Two Yalies — Prateek Tandon ’03 and Chesa Boudin ’03 — will head to Oxford University this fall as winners of the nation’s premier academic award, the Rhodes Scholarship.
Tandon and Boudin were two of 32 American students who received scholarships for two to three years of study at Oxford. The scholarships, established in 1902 through the will of Cecil Rhodes, were designed to honor academic achievement, integrity, leadership and athletics.
Tandon, an African studies and economics major in Pierson College, plays varsity tennis and started a relief program for war victims in Kashmir. He also started a soup kitchen in New Haven.
“My getting picked for this award is certainly much more a reflection of the efforts of my family, friends, professors and mentors than anything that I’ve done,” Tandon said.
No stranger to studying abroad, Tandon has worked with community groups in India, Somalia and Tanzania.
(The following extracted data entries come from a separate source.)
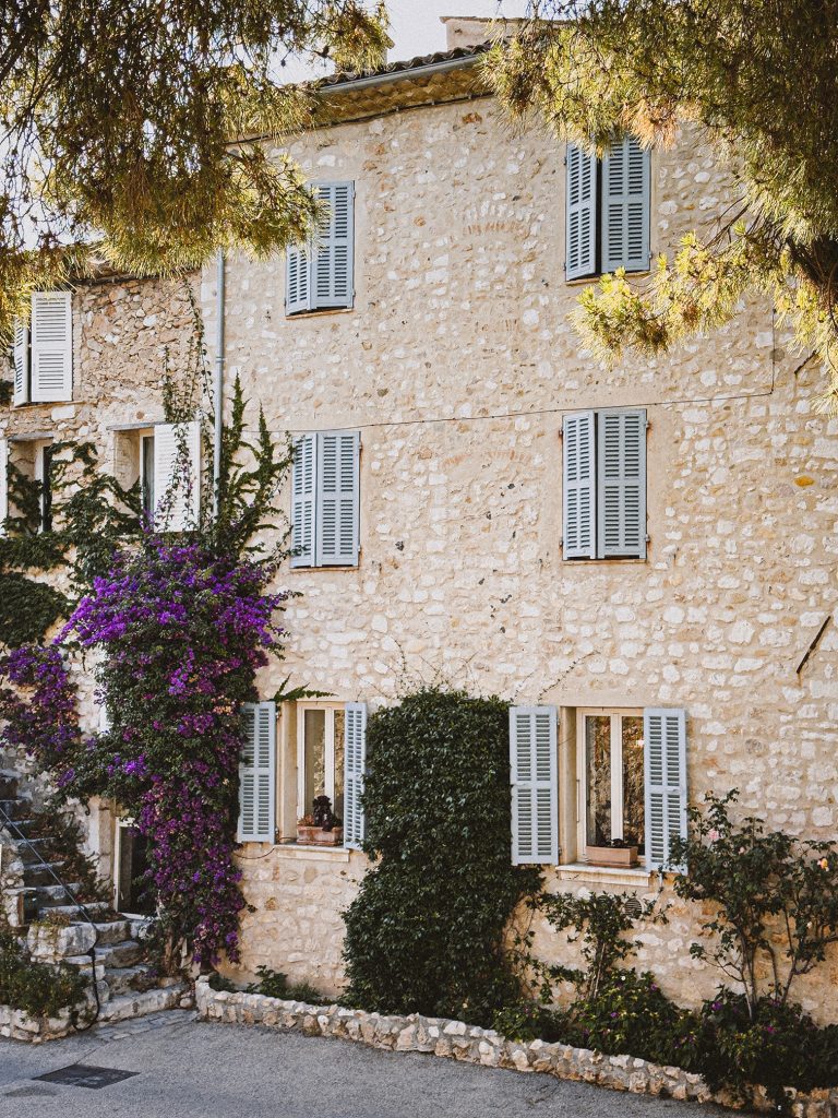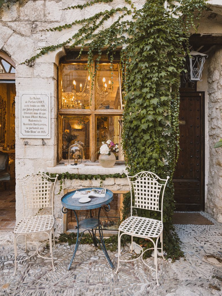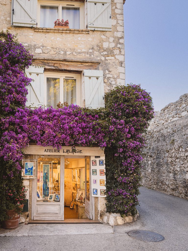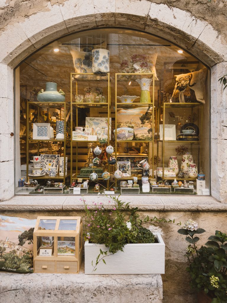 Subito oltre l’arco, inizia rue Grande, la strada principale che taglia il villaggio da un’estremità all’altra. È qui che si sviluppa il cuore vivo di Saint-Paul: un intreccio di botteghe d’arte, profumerie artigiane e gallerie che sembrano piccole cappelle votive dedicate alla bellezza. L’aria profuma di mirto, rosmarino e bergamotto. Le persiane sono scolorite dal sole e ricoperte di edera.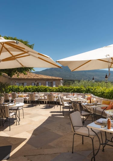 Perché à Crillon-le-Brave, avec une vue splendide sur le Mont Ventoux, La Table du Ventoux célèbre la Provence dans un cadre d’exception.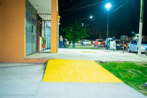 El proyecto incluyó la instalación de 58 columnas con luminarias LED que aportan mayor visibilidad y seguridad en la zona, junto con la renovación de casi mil metros cuadrados de veredas de hormigón y la reparación de 100 metros de cordón. También se sumaron rampas de accesibilidad, bancos, cestos y maceteros que embellecen el espacio y favorecen una circulación más inclusiva.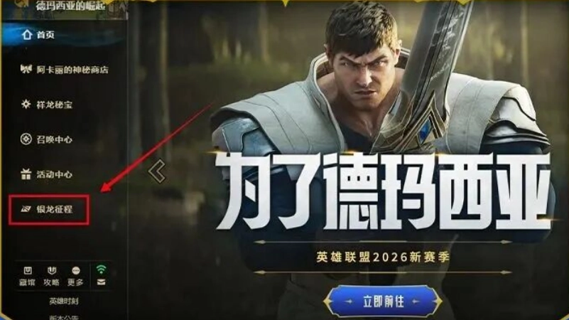 进入英雄联盟游戏客户端,点击左侧的银龙征程,输入正确的口令码即可。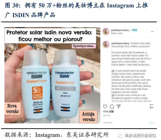 欧洲传统功能性护肤品牌主要依靠口碑营销,广告投入较少,新兴品牌逐步重视KOL在社交媒体的传播。欧洲传统的功能性护肤品牌如雅漾、理肤泉等,由于成立较早、线下渠道渗透较深,多年来较少进行大面积的广告投入,主要依赖药店渠道专业的品牌形象树立以及产品口碑获得消费者的青睐。新兴的功能性护肤品牌,例如ISDIN、Byphasse等,也开始逐步重视KOL合作以及社媒平台传播,与知名博主开展合作。

At Oxford, he will pursue a doctorate in development studies.
Boudin, a history major in Trumbull College, turned down the Marshall Scholarship to accept the Rhodes this weekend.
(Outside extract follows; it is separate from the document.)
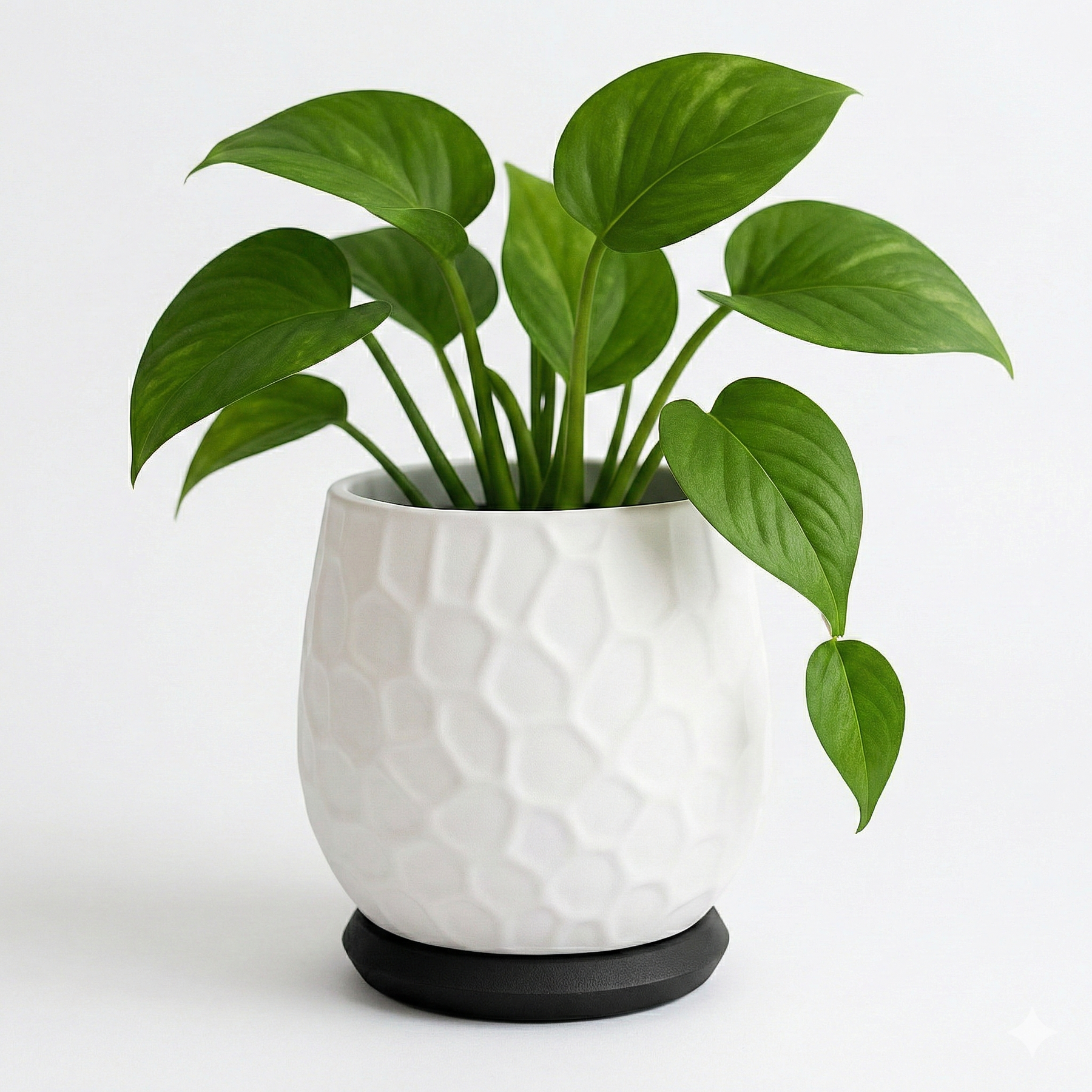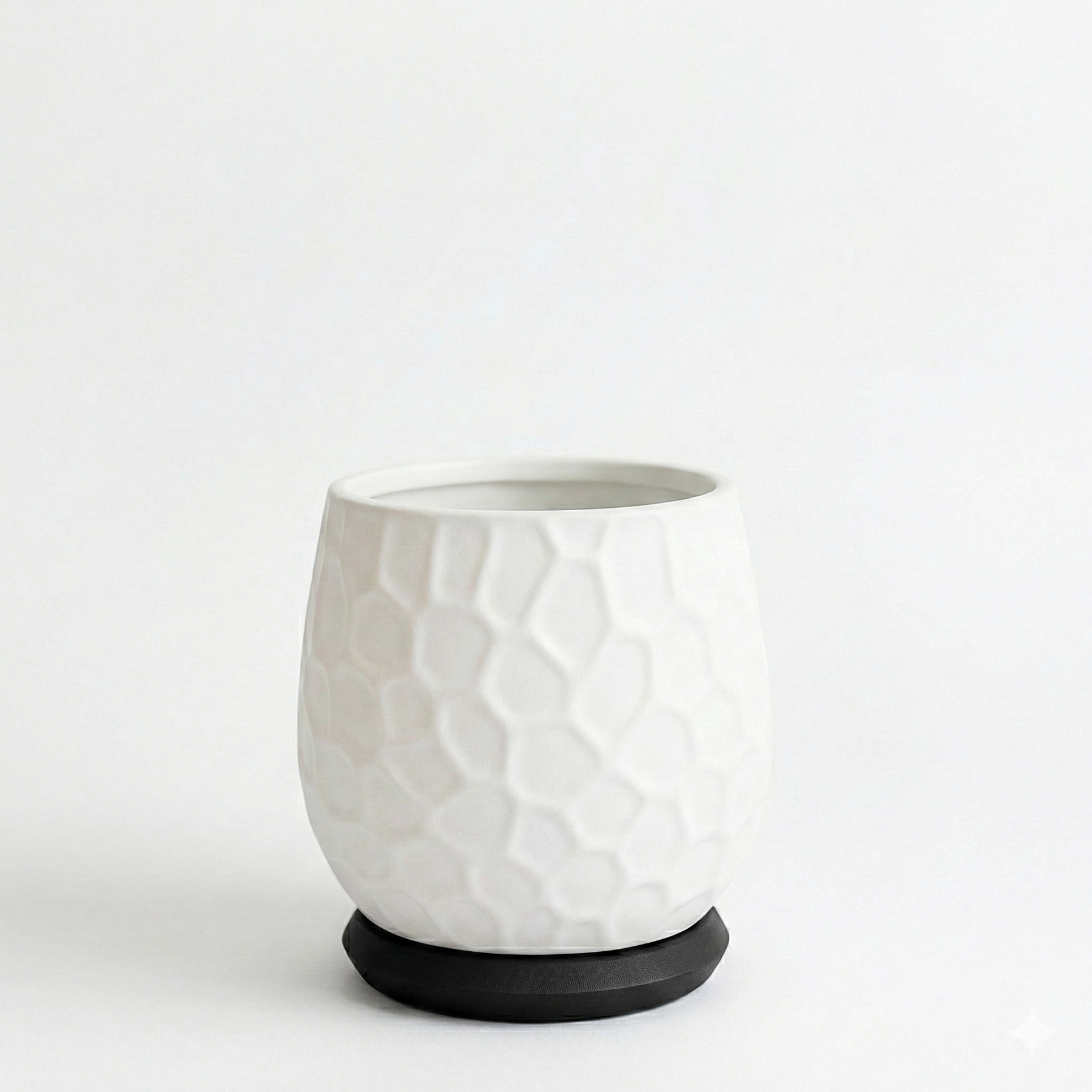 La maceta Nido combina una textura suave inspirada en formas naturales con un diseño limpio y contemporáneo. Su tamaño compacto la convierte en la opción perfecta para escritorios, estanterías, mesas auxiliares o rincones pequeños.

The son of imprisoned radicals from the Weathermen group, Boudin garnered national attention this week, appearing on the front page of the New York Times and receiving requests for interviews from ABC’s “Good Morning America” and Newsweek magazine.
When Boudin was 14 months old, his parents were arrested for their roles in a 1981 robbery that left two police officers and a guard dead. Two former Weathermen leaders, Bill Ayers and Bernardine Dohrn, raised Boudin in Chicago.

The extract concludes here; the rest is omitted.